Menempati rumah sakit abad ke-15 rumah sakit ksatria di Knight Avenue cantik yang berbatu, berdiri Museum Arkeologi. Di sebelah museum anda akan menemukan Istana Grand Masters. Awalnya dibangun pada abad ke-14, istana ini diruntuhkan 500 tahun kemudian dan dibangun kembali oleh orang Italia untuk menjadi vila liburan Mussolini. Saat ini ia berfungsi sebagai museum, menampilkan tiket gabungan bersama dengan Museum Arkeologi dan Museum Seni Dekorasi yang letaknya dekat.

Situs kuno
Dalam perbatasan kota abad pertengahan, terdapat sisa-sisa Kuil Aphrodite. Berawal kembali ke abad ke-3 SM, candi ini dibangun di ritme Ionic dan diyakini telah menjadi tuan rumah patung Aphrodite, yang saat ini dipamerkan di Museum Arkeologi di Rhodes.
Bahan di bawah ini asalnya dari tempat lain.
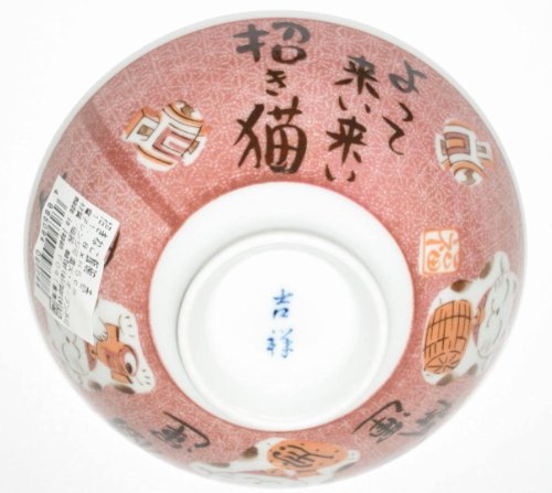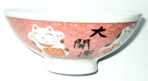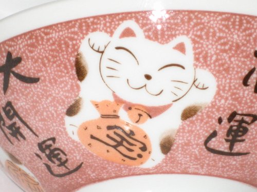 Rice Bowl Maneki Neko Lucky Cat Pink - Microwave Sae
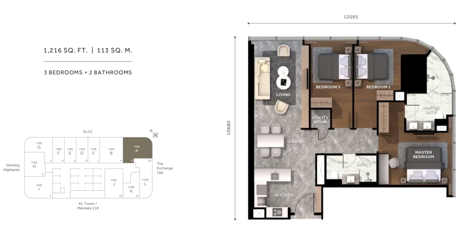Type J | 1,216 sq.ft. | 3BR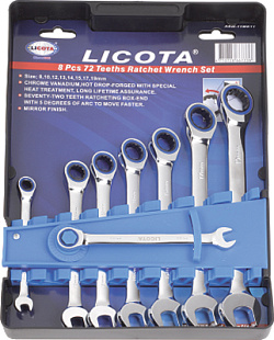 Набор комбинированных трещоточных ключей Licota ARW-11MK06 с рожковым и накидным профилем предназначен для профессиональных автослесарей, автовладельцев, мастерских и СТО. Инструменты используются для монтажа/демонтажа резьбовых элементов.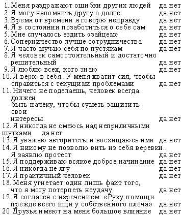 Самый высокий показатель достигнут в счете В: Несмотря на результаты предыдущих двух подсчетов, у вас очень хорошие шансы овладеть ассертивностью. Короче говоря, у вас сложилось мнение о себе и своем поведении, вы оцениваете себя реалистично, а это хорошая база для приобретения какого-либо навыка, необходимого при контактах с окружающими.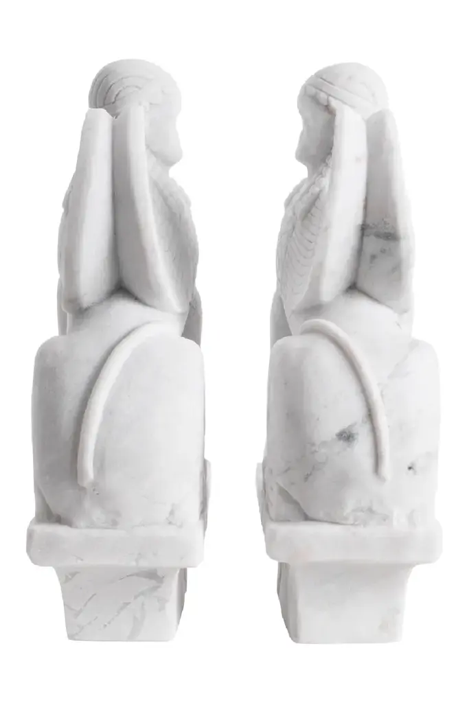The "Sphinx Set of 2" brings the mystique of ancient Egypt to your space. Crafted from white marble with meticulous handwork, each piece is a unique work of art, marked by variations in color and veining. Measuring W. 8, D. 4, and H. 12 inches per item, these sphinxes once graced the grave shaft of Philinos or Thalinos during the sixth century B.C. This set is a testament to the early Archaic period's fusion of Greek and Egyptian sculptural styles, bearing the same stylized features and architectural influences. Let them stand as guardians of history and beauty in your home.HISTORIC PROVENANCEThe Object Sphinx Set of Two is inspired by a marble sphinx (ca. 580–575 B.C.) on a cavetto capital—its carved, curved base—dating back to Greece’s Archaic period. The marble sculpture, now in the collection of The Metropolitan Museum in New York, once topped the tall grave shaft of a young man named Philinos or Thalinos, and belongs to the earliest type of grave stele produced in Attica during the 6th century B.C. In the early Archaic period, Greek sculptors took design cues from the Egyptians for large-scale monuments. This example has a four-sided structure with flat, stylized features. Our reproductions come as a pair and have been handcrafted in sophisticated white marble, so that each piece shows variations in color and natural veins.

Berjalan menuju Rhodes Akropolis untuk menikmati beberapa pemandangan yang menakjubkan dan berjalan sekitar stadion kuno dan rekonstruksi Sekolah Retorika di Rhodes.

Kamiros Kuno adalah sebuah kota Doric, yang mencapai masa perdananya pada abad ke-7 SM dan mengalami kerusakan parah setengah abad kemudian, disebabkan oleh gempa bumi. Dalam situs arkeologi, pengunjung dapat melihat sisa-sisa dari periode yang berbeda, termasuk kolom marmer sebuah kuil Doric, sebuah kuil posterior yang didedikasikan untuk Athena dan beberapa tempat tinggal dari periode Helenistik.

Reruntuhan kuno dan struktur Bizantium dapat ditemukan di Ialysos kuno. Awalnya sebuah kota Doric, daerah terus berkembang selama masa Bizantium dan abad pertengahan. Lewati sekelompok burung-burung merak berwarna-warni untuk memasuki situs, di mana anda akan dapat menjelajahi sisa-sisa candi dari abad ke-3 SM. Lukisan dinding yang menarik tersembunyi di dalam sebuah kapel abad ke-12, sedangkan biara kuno juga berdiri di dasar situs arkeologi.

Bergabunglah dengan keramaian pengunjung di Lindos Acropolis untuk melihat Propylaeum dari abad ke-5 SM, dua puluh kolom dari zaman Helenistik, sebuah kuil kuno yang didedikasikan untuk dewi Athena dan gereja Bizantium.

Sekitar Rhodes
Butterfly Valley adalah salah satu atraksi utama di Rhodes. Hutan yang ekstensif, dengan sungai yang mengalir deras dan kolam renang alami kecil, menyajikan tontonan ajaib selama bulan-bulan musim panas. Ribuan kupu-kupu warna-warni yang ditarik ke daerah ini, mungkin oleh resin khusus yang keluar dari pohon-pohon sekitarnya.

Moni Tharri adalah sebuah biara abad ke-9 yang terletak dekat desa Laerma. Biara ini terbuka untuk umum dan layak dikunjungi baik karena lantainya yang menawan dan juga beberapa lukisan dinding yang mengesankan dari abad ke-14.